**EXERCISE INSTRUCTIONS:** Write out word for word the lines from the one holding "Note that for" through the end of the data, and only those lines. Pictures stay out.

**INFORMATION SUPPLIED:**
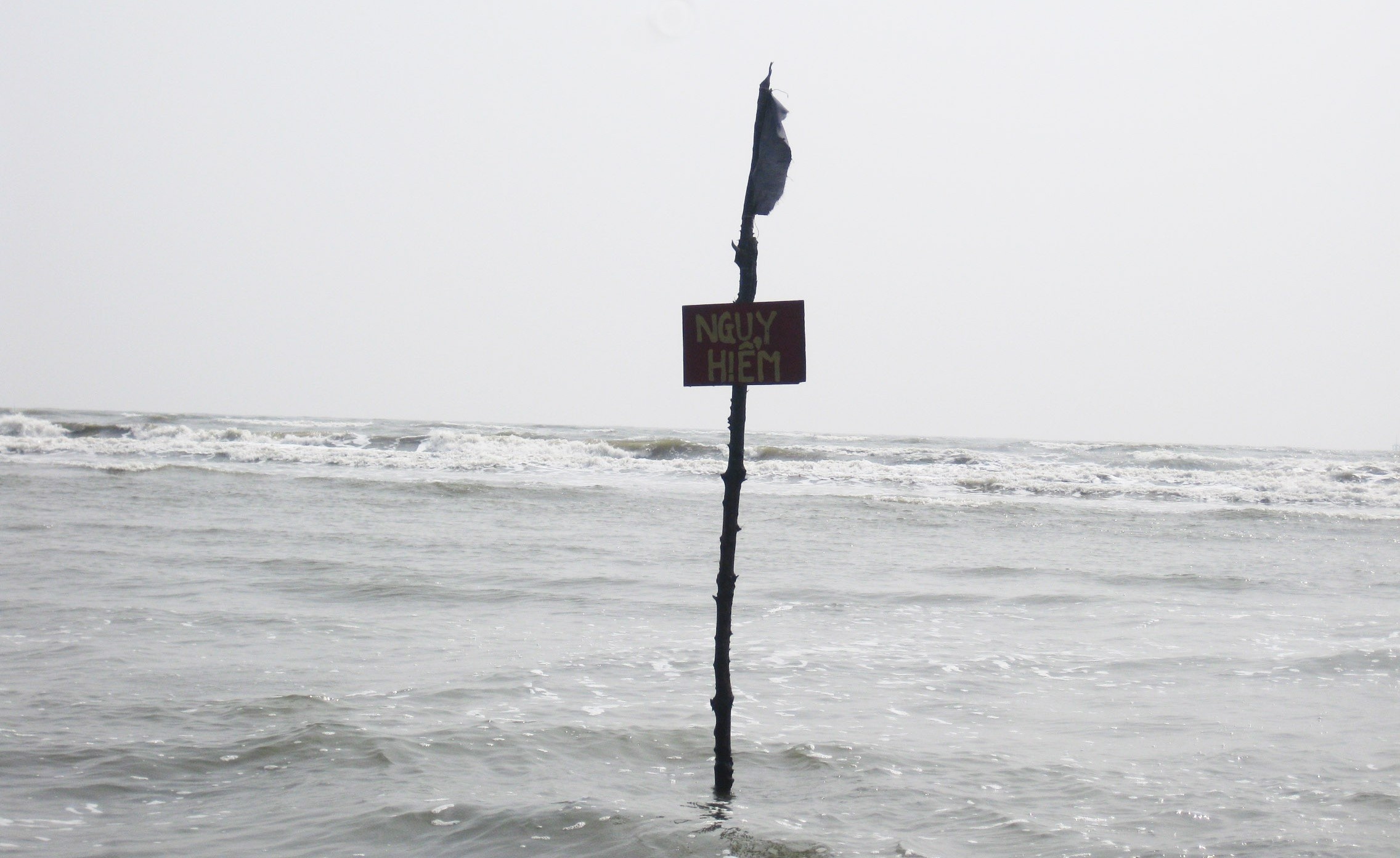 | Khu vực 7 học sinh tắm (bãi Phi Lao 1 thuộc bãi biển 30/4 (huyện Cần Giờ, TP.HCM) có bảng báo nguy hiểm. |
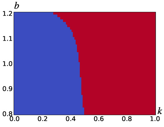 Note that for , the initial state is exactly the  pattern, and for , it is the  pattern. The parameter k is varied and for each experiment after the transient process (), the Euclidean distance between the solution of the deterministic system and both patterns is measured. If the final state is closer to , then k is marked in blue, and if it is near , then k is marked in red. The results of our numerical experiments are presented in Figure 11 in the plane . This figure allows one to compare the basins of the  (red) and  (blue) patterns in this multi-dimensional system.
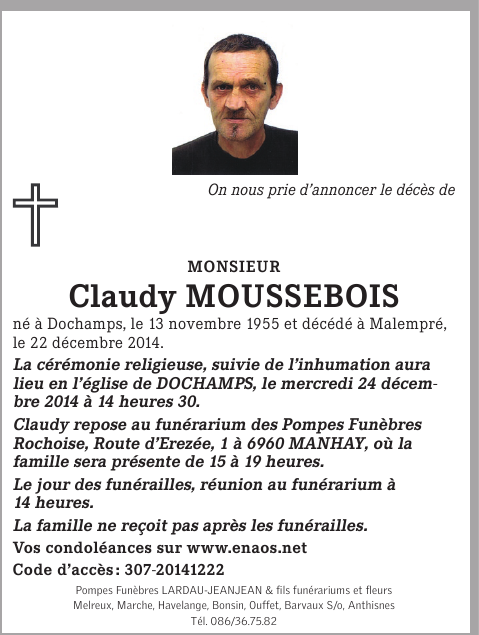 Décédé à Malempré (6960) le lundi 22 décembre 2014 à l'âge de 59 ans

**ANSWER TO THE PROBLEM:**
 Note that for , the initial state is exactly the  pattern, and for , it is the  pattern. The parameter k is varied and for each experiment after the transient process (), the Euclidean distance between the solution of the deterministic system and both patterns is measured. If the final state is closer to , then k is marked in blue, and if it is near , then k is marked in red. The results of our numerical experiments are presented in Figure 11 in the plane . This figure allows one to compare the basins of the  (red) and  (blue) patterns in this multi-dimensional system.
 Décédé à Malempré (6960) le lundi 22 décembre 2014 à l'âge de 59 ans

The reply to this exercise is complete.